DATASET RECORDS:

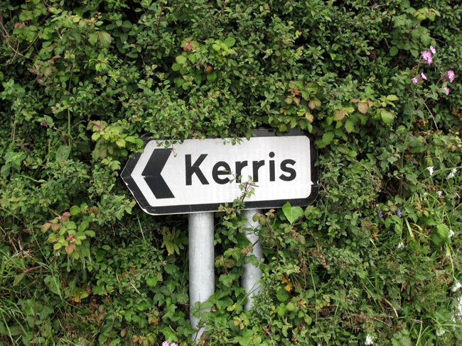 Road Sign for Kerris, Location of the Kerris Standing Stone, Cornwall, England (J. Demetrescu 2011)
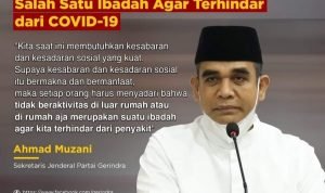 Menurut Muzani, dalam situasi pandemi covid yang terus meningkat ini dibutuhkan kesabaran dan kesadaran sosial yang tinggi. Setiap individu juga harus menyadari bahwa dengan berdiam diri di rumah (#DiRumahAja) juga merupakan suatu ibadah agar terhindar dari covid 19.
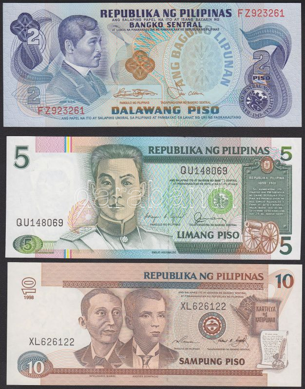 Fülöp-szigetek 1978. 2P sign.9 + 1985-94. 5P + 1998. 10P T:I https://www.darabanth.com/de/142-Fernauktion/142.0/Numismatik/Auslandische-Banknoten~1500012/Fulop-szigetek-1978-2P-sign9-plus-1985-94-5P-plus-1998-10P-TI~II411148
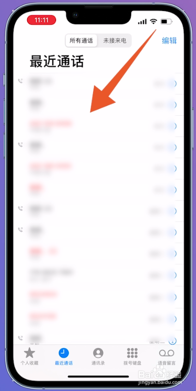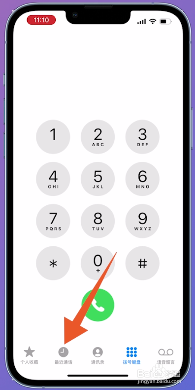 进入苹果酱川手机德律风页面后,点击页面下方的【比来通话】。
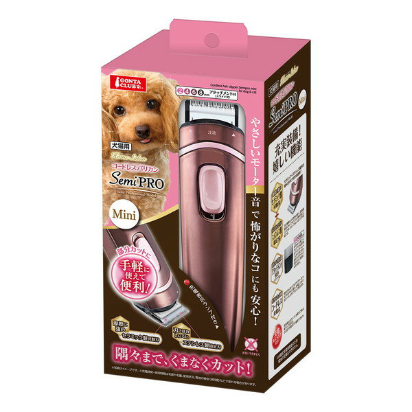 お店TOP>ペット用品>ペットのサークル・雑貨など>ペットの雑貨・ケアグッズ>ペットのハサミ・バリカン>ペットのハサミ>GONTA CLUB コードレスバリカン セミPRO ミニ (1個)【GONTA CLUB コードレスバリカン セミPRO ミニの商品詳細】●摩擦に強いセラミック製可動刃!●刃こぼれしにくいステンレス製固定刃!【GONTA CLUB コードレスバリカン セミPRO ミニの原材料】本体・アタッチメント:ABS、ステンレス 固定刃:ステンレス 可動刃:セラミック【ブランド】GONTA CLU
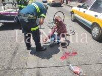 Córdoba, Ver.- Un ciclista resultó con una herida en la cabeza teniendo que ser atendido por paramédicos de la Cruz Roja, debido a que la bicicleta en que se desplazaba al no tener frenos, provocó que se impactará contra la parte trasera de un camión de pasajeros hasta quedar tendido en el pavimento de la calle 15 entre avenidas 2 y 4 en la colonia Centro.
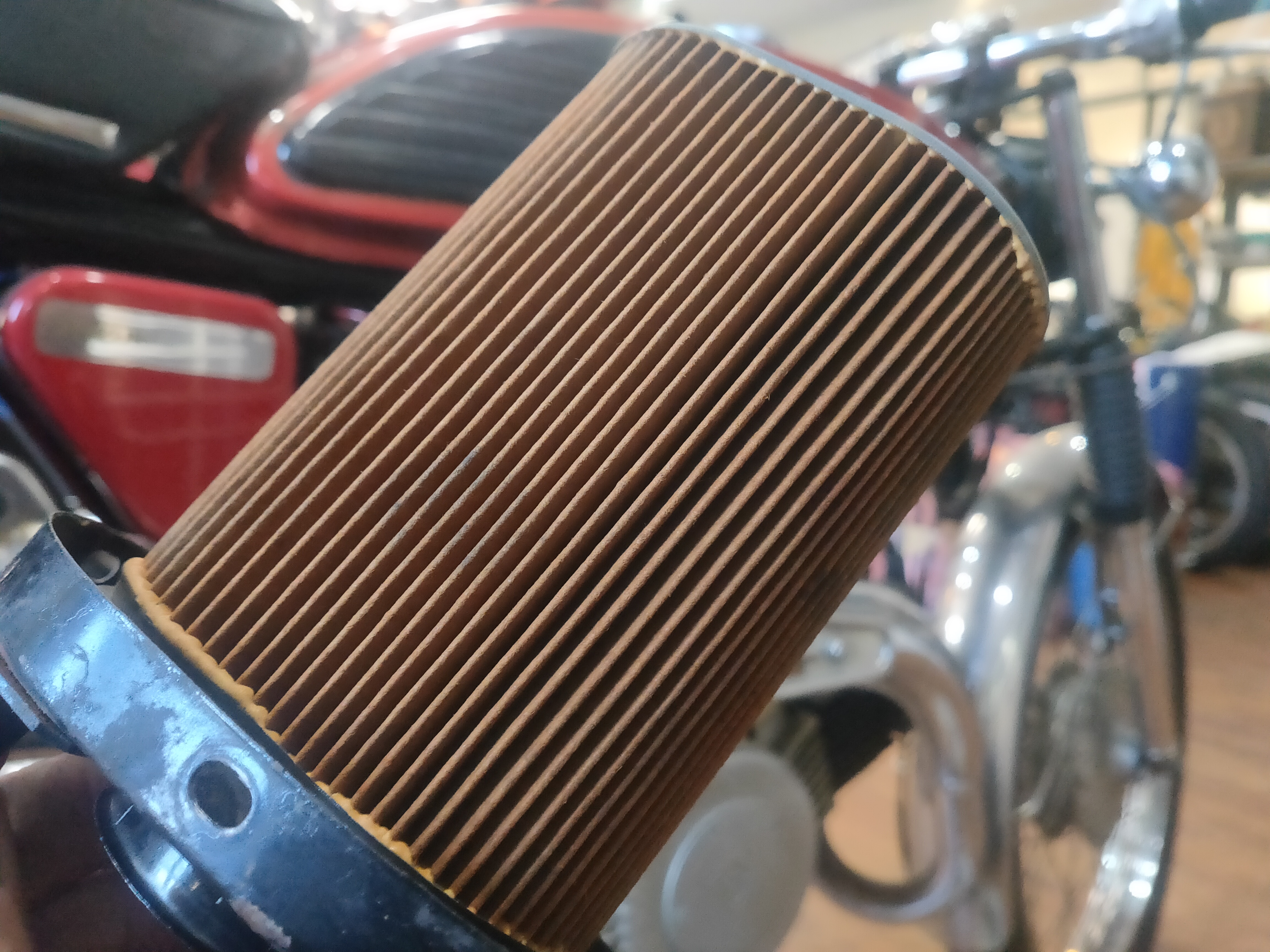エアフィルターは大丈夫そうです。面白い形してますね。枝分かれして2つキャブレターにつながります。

ASSIGNED TASK: Please restate each entry exactly, but drop any picture it holds.

YOUR SOLUTION:
 Road Sign for Kerris, Location of the Kerris Standing Stone, Cornwall, England (J. Demetrescu 2011)
 Menurut Muzani, dalam situasi pandemi covid yang terus meningkat ini dibutuhkan kesabaran dan kesadaran sosial yang tinggi. Setiap individu juga harus menyadari bahwa dengan berdiam diri di rumah (#DiRumahAja) juga merupakan suatu ibadah agar terhindar dari covid 19.
 Fülöp-szigetek 1978. 2P sign.9 + 1985-94. 5P + 1998. 10P T:I https://www.darabanth.com/de/142-Fernauktion/142.0/Numismatik/Auslandische-Banknoten~1500012/Fulop-szigetek-1978-2P-sign9-plus-1985-94-5P-plus-1998-10P-TI~II411148
 进入苹果酱川手机德律风页面后,点击页面下方的【比来通话】。
 お店TOP>ペット用品>ペットのサークル・雑貨など>ペットの雑貨・ケアグッズ>ペットのハサミ・バリカン>ペットのハサミ>GONTA CLUB コードレスバリカン セミPRO ミニ (1個)【GONTA CLUB コードレスバリカン セミPRO ミニの商品詳細】●摩擦に強いセラミック製可動刃!●刃こぼれしにくいステンレス製固定刃!【GONTA CLUB コードレスバリカン セミPRO ミニの原材料】本体・アタッチメント:ABS、ステンレス 固定刃:ステンレス 可動刃:セラミック【ブランド】GONTA CLU
 Córdoba, Ver.- Un ciclista resultó con una herida en la cabeza teniendo que ser atendido por paramédicos de la Cruz Roja, debido a que la bicicleta en que se desplazaba al no tener frenos, provocó que se impactará contra la parte trasera de un camión de pasajeros hasta quedar tendido en el pavimento de la calle 15 entre avenidas 2 y 4 en la colonia Centro.
エアフィルターは大丈夫そうです。面白い形してますね。枝分かれして2つキャブレターにつながります。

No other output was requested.